Understanding the analytical performance of a technique is the bread and butter of any good paper. As a sensor is a miniature analytical device for measuring the concentration of an analyte species, standard IUPAC protocols and definitions should be utilized, just as in any analytical publication. These include calibration characteristics (sensitivity, operational and linear concentration range, limit of detection (LOD), and/or limit of quantitation (LOQ)), selectivity, steady-state and transient response times, sample throughput, reproducibility/repeatability, stability, and lifetime (Orange Book, http://old.iupac.org/publications/analytical_compendium/). Keep in mind that sensitivity and specificity have different meanings in analytical chemistry compared with biomedical assays and their use should be clearly described in the “Methods” section of a paper. While reversibility and short response time can be achieved for most chemical sensors with low equilibrium constants, biosensors exhibit high selectivity due to their large equilibrium constants, with the consequence of small dissociation rate constants.

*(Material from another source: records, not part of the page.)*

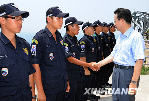 資料圖片:2008年7月29日,韓國總理韓升洙(右)在位于韓國東部海域的獨島(日本稱“竹島”)上看望守島的警務(wù)人員。
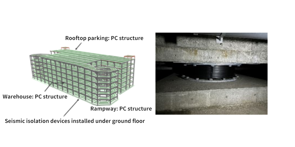 durability- earthquake resistance. - Seismic isolation devices made of laminated rubber are installed in the building‘s foundations. This reduces the vibration of the
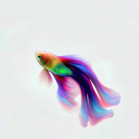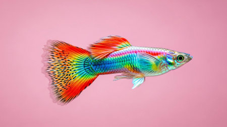 A single guppy fish is shown in profile against a smooth, graduated blue backdrop. The fish exhibits a pearlescent body with iridescent scales and colorful fins. Warm hues of orange and yellow contrast with the cool blue. The image is suitable for various commercial uses and presentations.
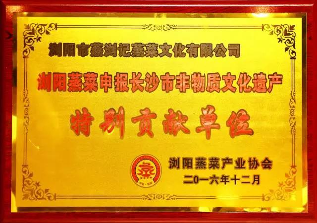 2月15日,2017長沙市非遺保護和傳承座談會召開,會上,瀏陽蒸菜傳統(tǒng)制作技藝等24項新入選的第五批市級非物質(zhì)文化遺產(chǎn)代表性項目被授牌,瀏陽蒸菜產(chǎn)業(yè)協(xié)會會長彭成將牌匾領回瀏陽,蒸瀏記被授予本次非物質(zhì)文化遺產(chǎn)申報的特別貢獻單位。

Therefore, most biosensors are not reversible, requiring high-quality regeneration procedures or excellent batch-to-batch reproducibility/repeatability to facilitate standard protocols that require blank and replica concentration measurements. Thus, biosensor papers in particular also need information on the quality of regeneration, effects of the shielding layer on top of the transducer, working range, and stability of immobilized recognition elements. As biosensors are based on biomolecular interaction processes, they exhibit a non-linear, sigmoidal calibration curve in the usual semi-logarithmic plot. In order to determine the LOD and LOQ, the 95% confidence belt and associated minimum detectable concentration and reliable detection limit should be calculated for sigmoidal calibration curves [1]. A frequently updated resource from the US FDA offers further guidance on bioanalytical method validation (https://www.fda.gov/files/drugs/published/Bioanalytical-Method-Validation-Guidance-for-Industry.pdf).

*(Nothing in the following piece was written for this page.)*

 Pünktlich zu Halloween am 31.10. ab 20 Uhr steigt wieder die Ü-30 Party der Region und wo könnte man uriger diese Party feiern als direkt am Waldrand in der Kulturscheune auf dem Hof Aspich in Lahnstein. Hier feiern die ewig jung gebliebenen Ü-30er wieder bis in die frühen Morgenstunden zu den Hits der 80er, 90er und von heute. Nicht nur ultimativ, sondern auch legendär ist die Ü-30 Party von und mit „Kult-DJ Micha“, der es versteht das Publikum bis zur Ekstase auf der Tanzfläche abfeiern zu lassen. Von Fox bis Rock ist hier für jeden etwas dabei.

The comparability of the new sensor to existing methodology can be addressed on a variety of levels. Where available, reference materials or alternative reference methods should be used to validate a new sensor. As a minimum, an objective analytical performance comparison should be given to related papers or even commercial systems. Keep in mind that editors, reviewers, and ABC readers will easily spot a biased comparison that ignores relevant prior work; therefore, please provide an honest discussion of comparability. If you want to highlight the convenience, cost, simplicity, etc., of a sensor, plan to use quantitative metrics (€, time, assay steps, etc.). These important details will make the sensor’s advantages clear to the editor, referees, and future readers. It is important to keep in mind that a sensor may still be significant if it is not better than prior ones in every single metric; however, it should clearly improve over existing methodologies in important ways as discussed in the beginning of this editorial.

In the end, these guidelines for that “perfect sensor paper” offer reminders about things to be included that result in a high-quality manuscript and help avoid common roadblocks that could keep novel work from being published. Much of the general guidance given herein for sensor papers is also relevant for any paper submitted to ABC: be sure to state what is innovative and significant, and provide appropriate metrics for comparison. ABC is excited to consider and publish sensors papers that meet this guidance, along with other papers that provide major advances in the fields of analytical and bioanalytical chemistry.